# Lake Nipissing reports



## Lund Rebel (Mar 28, 2008)

My group is heading up to Nipissing next Friday, Aug 17. Any reports or advise? We're staying at Tall Pines Camp on Sandy Island on south shoe of the lake. Had been going in September, trying August this time. Appreciate any feedback.


----------



## coachfozz (Mar 19, 2006)

Very shallow on that end. Good perch and walleye. If u get a chance go to Nosbonsing down the road. Nice pike in there

Outdoor Hub mobile, the outdoor information engine


----------



## Deep Trouble (Jul 8, 2010)

Haven't been there recently, but we've stayed at Tall Pines many times. We were shown all these spots by an old local indian guide named Francis who was one of the best fisherman and interesting guys I've ever met. Too bad you could only barely understand his english ) 

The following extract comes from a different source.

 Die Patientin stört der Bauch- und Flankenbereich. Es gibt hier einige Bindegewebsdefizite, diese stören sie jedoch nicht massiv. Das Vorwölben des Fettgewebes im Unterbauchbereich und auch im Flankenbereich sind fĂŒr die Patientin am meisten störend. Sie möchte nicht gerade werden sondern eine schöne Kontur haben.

There's a long bay directly across the channel from the lodge. We caught lots of small pike trolling rapalas along the west side in 8-10'. There's a deeper hole (15-20') about 1/3 of the way down on the east side where we'd get walleye and jumbo perch jigging with crawlers. Got a 20# musky trolling red-eye right in front of Canoe Pass that connects Nipissing with the upper French River. While fighting the fish, we drifted into the pass and almost got swamped by larger boats coming through. Good times! If you've stayed in that area before I'm sure you know where it's at. If not, let me know.

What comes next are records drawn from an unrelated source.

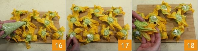 Fill the zucchini flowers with the mixture 16, placing a mozzarella stick in the center 17, then close the flowers well by twisting the tips 18.
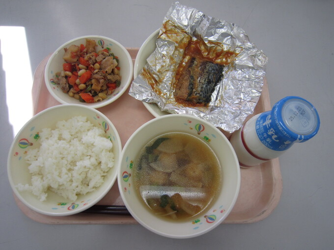 ごはん、牛乳、さばの銀紙焼き、五目煮豆、鶏だんご汁、ココア牛乳のもと
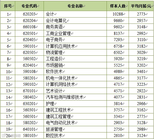 在就业人数最多的前20个专业中,月薪最高的是软件技术,为3461元,其次是计算机网络技术,为3223元;最低的是会计,为2773元,其次是建筑工程管理,为2775元。就业人数较多的专业中,比全省专科生平均薪酬(3075元)高的有商务英语(3148元)、电子商务(3110元)、计算机应用技术(3182元)、工程造价(3219元)等专业;而会计(2773元)、会计电算化(2957元)、工商企业管理(2992元)等专业则低于专科生平均水平。
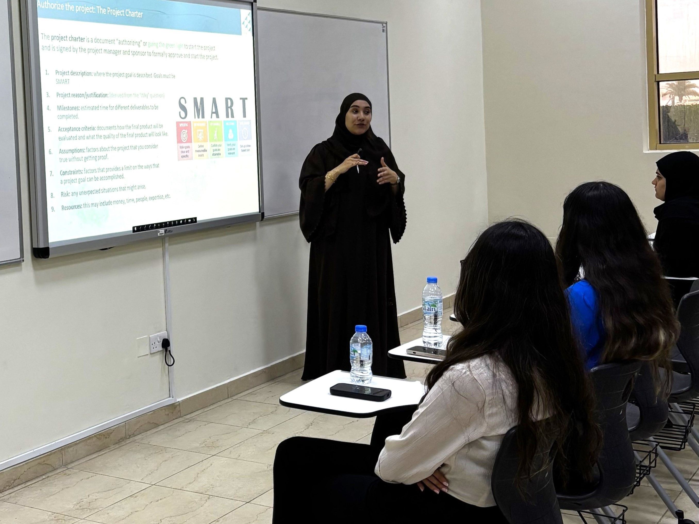The Department of Management and Marketing at the College of Business Administration, in collaboration with INJAZ UAE, hosted a workshop on “Project Management” delivered by Ms. Raween Osama Abdou, Marketing and Publishing Associate at ELF Publishing. The session introduced students to the fundamentals of project management, including planning, execution, risk management, and communication. Drawing from her industry experience, Ms. Abdou shared practical insights that help students apply project management concepts effectively in academic and professional settings. |

We spent a lot of time in the upper French River. Once you get through Canoe Pass, there's a relatively thin channel on the right (west side) that leads back to a very long and wide bay. It's chock full of pike. We'd troll the north side and catch all that we wanted. I was younger and didn't have patience to work the deeper cuts where the big gators hang out. One other tip, after you get through Canoe Pass you can head east down the main channel. About a mile up, there's a rather large island in the middle of the channel. We'd fish northeast of the island a couple hundred yards in 20-25' of water and jig for walleye. I recall limiting out there in a couple hours. We also had luck working 15-25' points all along the north and south sides of the main channel with jigs and crawlers. Never did too well on walleye much shallower but you never know. 

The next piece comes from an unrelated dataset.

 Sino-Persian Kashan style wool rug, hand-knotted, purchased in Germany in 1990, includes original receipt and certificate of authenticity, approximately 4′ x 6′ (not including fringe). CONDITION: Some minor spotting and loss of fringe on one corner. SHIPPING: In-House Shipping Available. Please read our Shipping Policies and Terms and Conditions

Also caught a lot of pike just casting off the dock in front of the main building at Tall Pines when I was bored. Hope this helps and look forward to hearing how you guys do!


----------



## Lund Rebel (Mar 28, 2008)

We were at Tall Pines Camp the week of August 18-25. Weather and fishing were great. Lots of bass, biggest ones over 4 1/2 lbs. The pike weren't big, largest just under 30". The six of us caught almost 300 fish, mostly pike and bass. Went walleye fishing one evening, caught enough to eat, since they have a slot size rule, where you you throw the ones back over 15 1/2". My brother-in law did catch, land and release a 49" muskie. Caught it on a 2" Bomber, trolling for pike. We're going back up next August. Seems like the weather, lack of bugs and fish were all cooperative.


----------



## Phish_4_Bass (Sep 18, 2008)

We go up every Aug as well but stay in Callander bay on the east side of the lake. We did we did really good, tons of walleye and pike. 
Heard rumors of the ministry closing the walleye season off next year from the folks at Billy Bobs as well as the people who own the cottages we rent... Did you hear anything about this??


----------